Entries taken from a collection
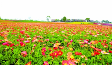 ■ 七彩花瀑 由数十万株不同花色的虞美人、波斯菊、硫华菊等组成。从高处远远望去,犹如陆地上涌现出的一条条鲜花瀑布,随风而动,煞是好看,引来不少画家、艺术院校师生、摄影爱好者到此进行创作。
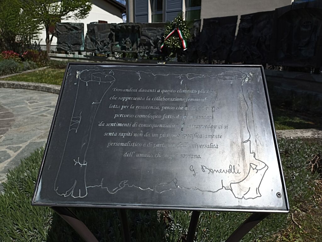 Il complesso monumentale è costituito da nove lastre in bronzo con bassorilievi ed altorilievi, che rappresentano il ruolo della donna nella guerra di Liberazione.  I pannelli sono posizionati a ventaglio su strutture in cemento.
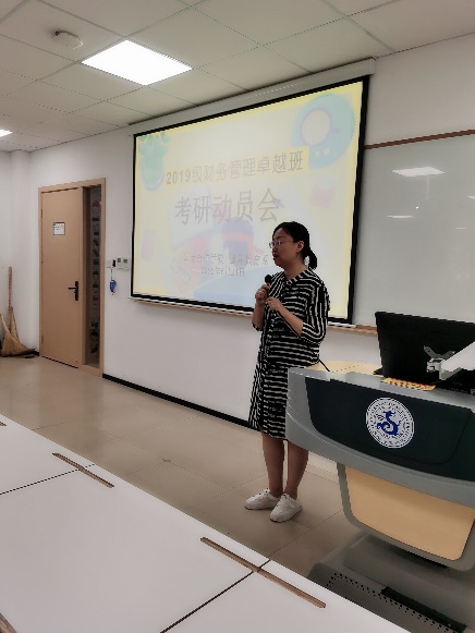 商公司财管系郭敏主任,国际教育系徐社教主任,张进副主任,刘书菡老师,卓悦老师为同学们做考前动员。郭敏主任首先强调考取研究生是卓越班员工的目标,考研的过程本身就是对大学几年来所学知识的总结和回顾,是对未来就业的准备。考研的战争已经悄然打响,集结号已经吹响,郭主任建议同学们用好暑假,组成学习小组,互相监督,做好计划想着自己的奋斗目标前进。
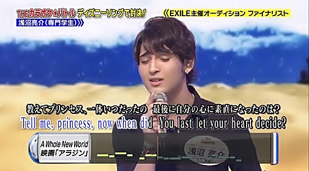 Cantando a dúo con su compañera de live Moeka Hirai, el peruano hizo llorar al público con su versión de «A whole new world», canción emblemática de la película «Alladín» de Walt Disney. La guapa y popular idol Tomomi Shimura y Masato Sakae, el hombre que durante años fuera presentador del Kohaku Uta ga sen de NHK, se deshicieron en palabras de admiración hacia el dúo que apenas tiene dos meses de formado, pero las miradas fueron para el peruano.
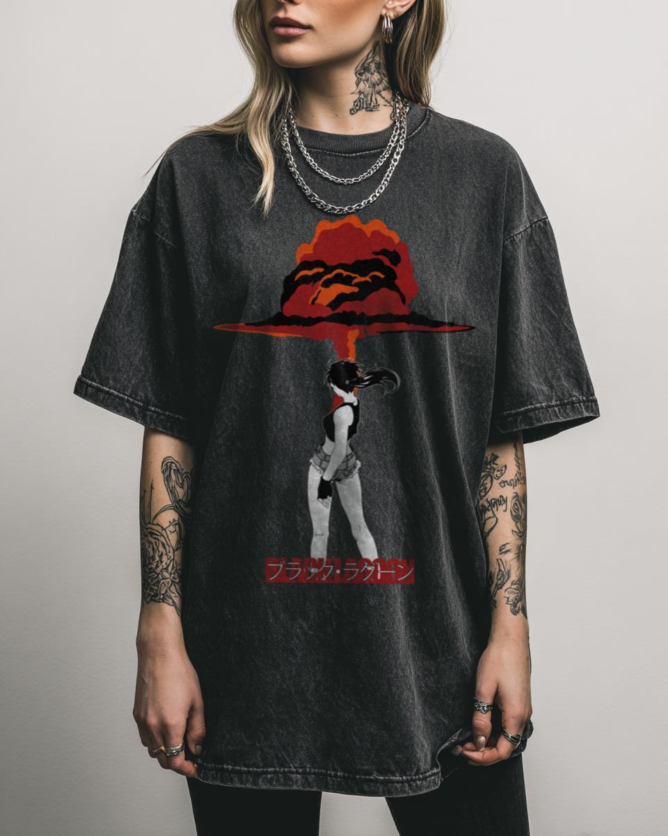 Ready to add some explosive action to your anime wardrobe? Unleash the power with this ‘Black Lagoon Nuclear’ graphic tee, featuring a striking mushroom cloud design inspired by the intense anime and manga series. This edgy artwork captures the dark and thrilling essence of ‘Burakku Ragūn’, perfect for fans of action-packed Japanese animation. Why You’ll…
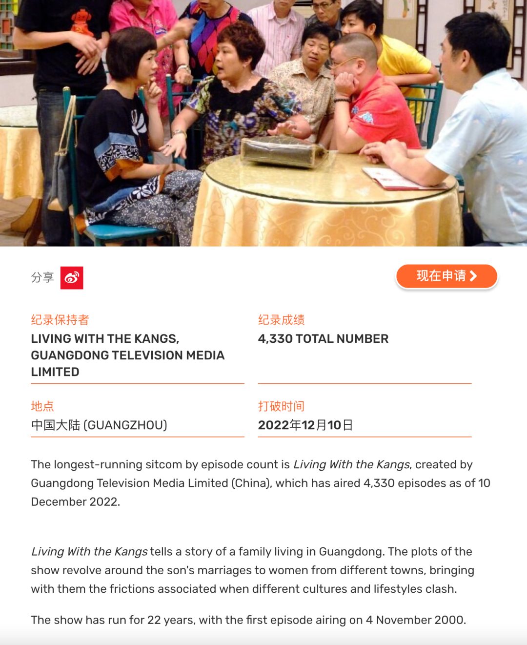 ▽ 《外来媳妇本地郎》是由广东广播电视台摄制出品、以粤语为主要语言的当代家庭生活题材电视系列短剧。从2000年开播至今,该剧早已成为中国广电史上播出时间最久、播出集数最多的电视剧作品,更在今年7月公布获吉尼斯世界纪录官方认证,成为世界上播出时间最长、集数最多的情景喜剧,展现了中国情景喜剧人的创作恒心和毅力,以及该剧的观众、市场认可度。

*WHAT YOU ARE ASKED TO DO*. Copy the records above exactly. Do not carry any picture into the copy.

*SOLUTION BELOW*.
 ■ 七彩花瀑 由数十万株不同花色的虞美人、波斯菊、硫华菊等组成。从高处远远望去,犹如陆地上涌现出的一条条鲜花瀑布,随风而动,煞是好看,引来不少画家、艺术院校师生、摄影爱好者到此进行创作。
 Il complesso monumentale è costituito da nove lastre in bronzo con bassorilievi ed altorilievi, che rappresentano il ruolo della donna nella guerra di Liberazione.  I pannelli sono posizionati a ventaglio su strutture in cemento.
 商公司财管系郭敏主任,国际教育系徐社教主任,张进副主任,刘书菡老师,卓悦老师为同学们做考前动员。郭敏主任首先强调考取研究生是卓越班员工的目标,考研的过程本身就是对大学几年来所学知识的总结和回顾,是对未来就业的准备。考研的战争已经悄然打响,集结号已经吹响,郭主任建议同学们用好暑假,组成学习小组,互相监督,做好计划想着自己的奋斗目标前进。
 Cantando a dúo con su compañera de live Moeka Hirai, el peruano hizo llorar al público con su versión de «A whole new world», canción emblemática de la película «Alladín» de Walt Disney. La guapa y popular idol Tomomi Shimura y Masato Sakae, el hombre que durante años fuera presentador del Kohaku Uta ga sen de NHK, se deshicieron en palabras de admiración hacia el dúo que apenas tiene dos meses de formado, pero las miradas fueron para el peruano.
 Ready to add some explosive action to your anime wardrobe? Unleash the power with this ‘Black Lagoon Nuclear’ graphic tee, featuring a striking mushroom cloud design inspired by the intense anime and manga series. This edgy artwork captures the dark and thrilling essence of ‘Burakku Ragūn’, perfect for fans of action-packed Japanese animation. Why You’ll…
 ▽ 《外来媳妇本地郎》是由广东广播电视台摄制出品、以粤语为主要语言的当代家庭生活题材电视系列短剧。从2000年开播至今,该剧早已成为中国广电史上播出时间最久、播出集数最多的电视剧作品,更在今年7月公布获吉尼斯世界纪录官方认证,成为世界上播出时间最长、集数最多的情景喜剧,展现了中国情景喜剧人的创作恒心和毅力,以及该剧的观众、市场认可度。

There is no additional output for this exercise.